Transaction terms remain the same as per the initial agreement in October 2023. The proceeds will be used to strengthen the Company’s financial position and allocated to de-lever Masan’s balance sheet.
Despite recent market volatility, the upsize of the transaction by Bain Capital is a strong validation of Masan’s long-term strategy and near-term outlook on the back of operating momentum in the third quarter of 2023.
The combined operating profits of Masan’s consumer-retail businesses grew by 45.5% and 47.3% year-over-year in 9M2023 and 3Q2023, respectively. Free cash flow consistently improved, reaching VND2,202 billion in 3Q2023, compared to VND125 billion in 3Q2022, driven by more effective working capital management.
According to Kantar Worldpanel, in 3Q2023, FMCG markets only recorded 6% YoY growth in four urban key cities in Vietnam and 7% YoY growth in rural areas.
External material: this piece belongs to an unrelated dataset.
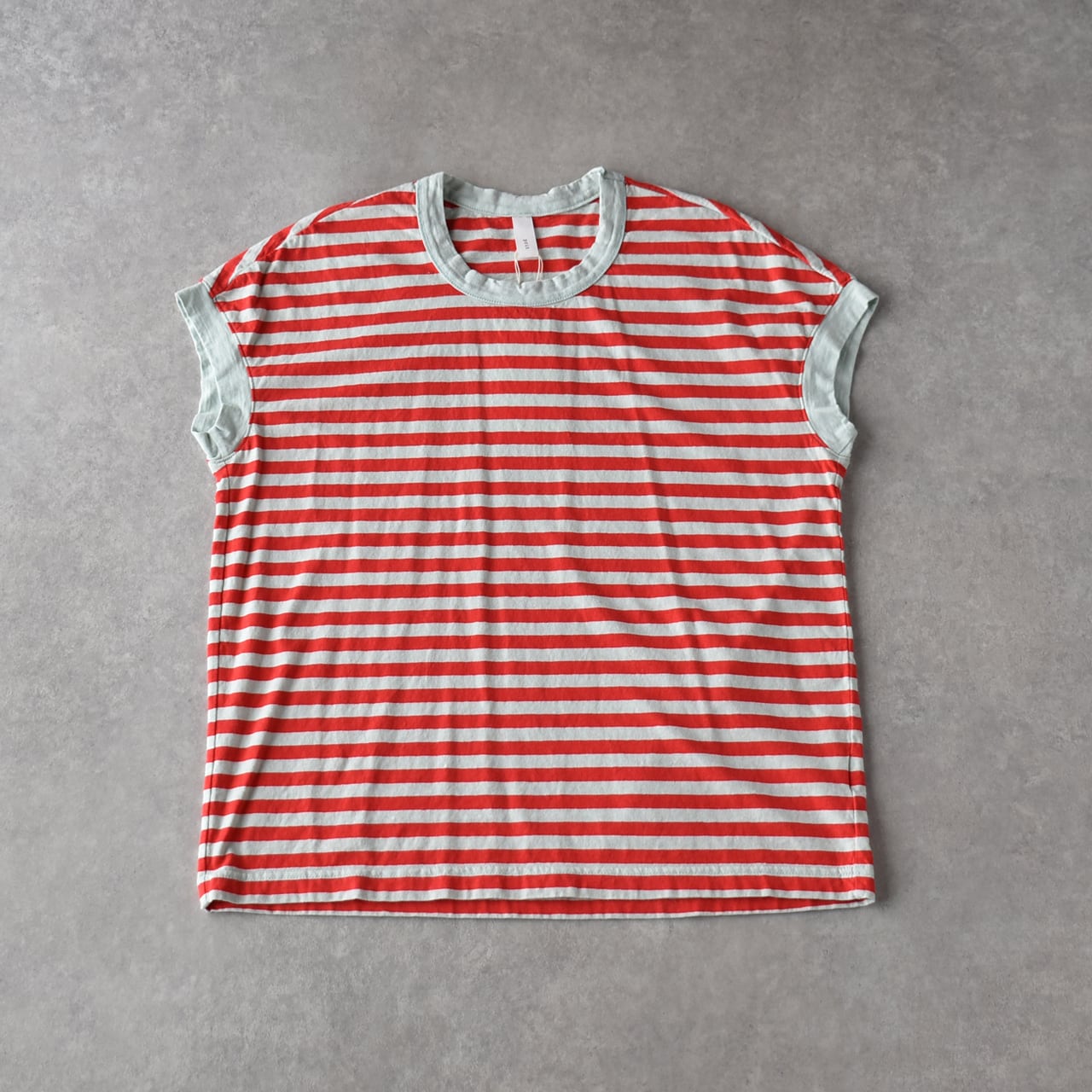 prit リサイクルムラ糸天竺カラーボーダー フレンチスリーブ (レッド×ミント) P91622

Meanwhile, on a LFL basis, Masan Consumer Holdings’ revenue grew 9% YoY and EBITDA grew 20% YoY in 3Q2023. Management expects Masan Consumer Holdings’ operating profit to continue its double-digit growth in 4Q2023.
In November 2023, after a period of format innovations and efforts to enhance operational efficiencies, WinCommerce started to deliver improvement in daily store revenue with YoY LFL growth approaching positive areas versus a decline of 10% YoY in 1Q2023.
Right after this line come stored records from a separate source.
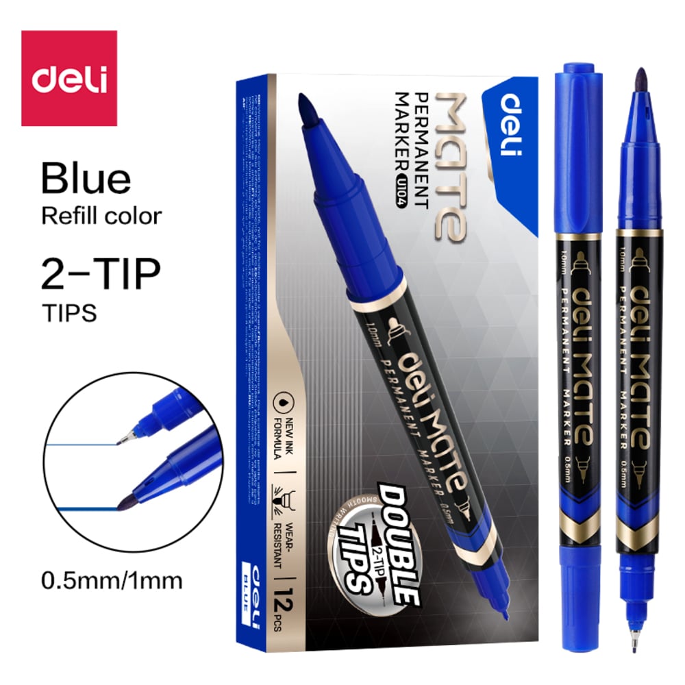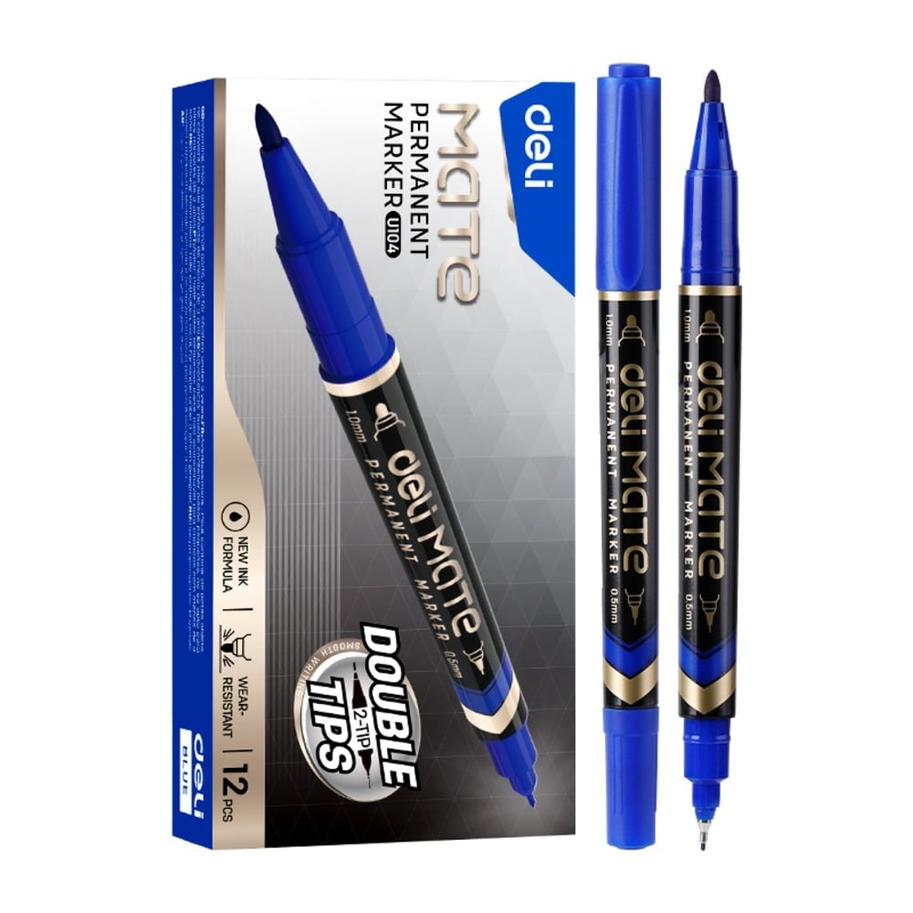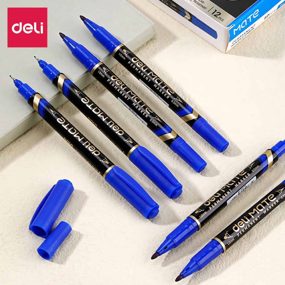 Маркер DELI перманентный Mate двойной пиш. наконечник 0.5-1мм синий EU10430
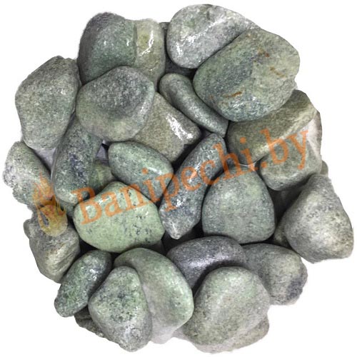 Камни для бани "Жадеит" - минерал зелёного цвета из группы щелочных моноклинных пироксенов, силикат натрия и алюминия. Жадеит оказывает благоприятное энергетическое воздействие на организм человека: нормализует артериальное давление, укрепляет нервную систему, улучшает состав крови, смягчает кровеносные сосуды, усиливает мужскую потенцию, лечит заболевания мочевыводящих путей, почек. У разогретого жадеита полезные свойства усиливаются. При нагревании Жадеит выделяет ионы натрия и ряда микроэлементов (Zn, Cu, Se, Ag и др., всего около 60-ти), которые попадают в кровоток вместе с вдыхаемым воздухом, а также всасываясь через кожу. Достигая центров коры головного мозга, ионы нормализируют состояние вегетативной и центральной нервной системы, функции эндокринных желез, а также создают противовоспалительный эффект и бактериостатическое действе.
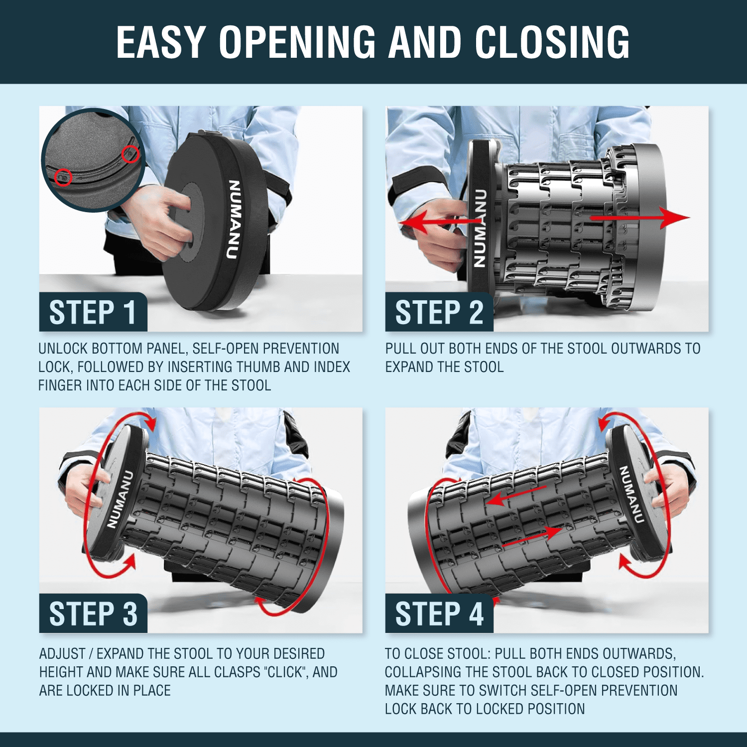 - Safety Lock: Features a self-open prevention lock to ensure the stool stays securely closed when not in use.

The current momentum gives management confidence in positive LFL growth for the month of December, which will support the overall profitability profile of WinCommerce.
The Transaction is an equity investment in the form of Convertible Dividend Preference Share to be issued at a price of VND85,000 per share which can be converted into ordinary shares at a 1:1 conversion ratio.
In addition to the normal dividends payableto the Company’s shareholders, the CDPS has no preference dividend for the first five years, then followed by a 10% preference dividend at par value of each outstanding CDPS per annum from the sixth anniversary onwards. On the tenth anniversary of the issuance, the outstanding CDPS will be mandatorily converted into ordinary shares of Masan Group.
There are no hedging structures or stock borrow of MSN shares as part of the equity investment that would result in MSN shares needing to be sold in the open market at the date of the issuance. Bain Capital’s interests are fully aligned with current MSN shareholders.
Jefferies Singapore Limited and UBS AG Singapore Branch acted as the financial advisors to Masan Group. The transaction is subject to customary corporate and regulatory approvals.
Masan expects the transaction to close in the next few months and continues to explore other strategic alternatives for equity capital, which may include diluting its interest in non-core businesses, strengthening its liquidity profile and achieving a sustainable Net Debt to EBITDA ratio below 3.5x on a steady-state basis.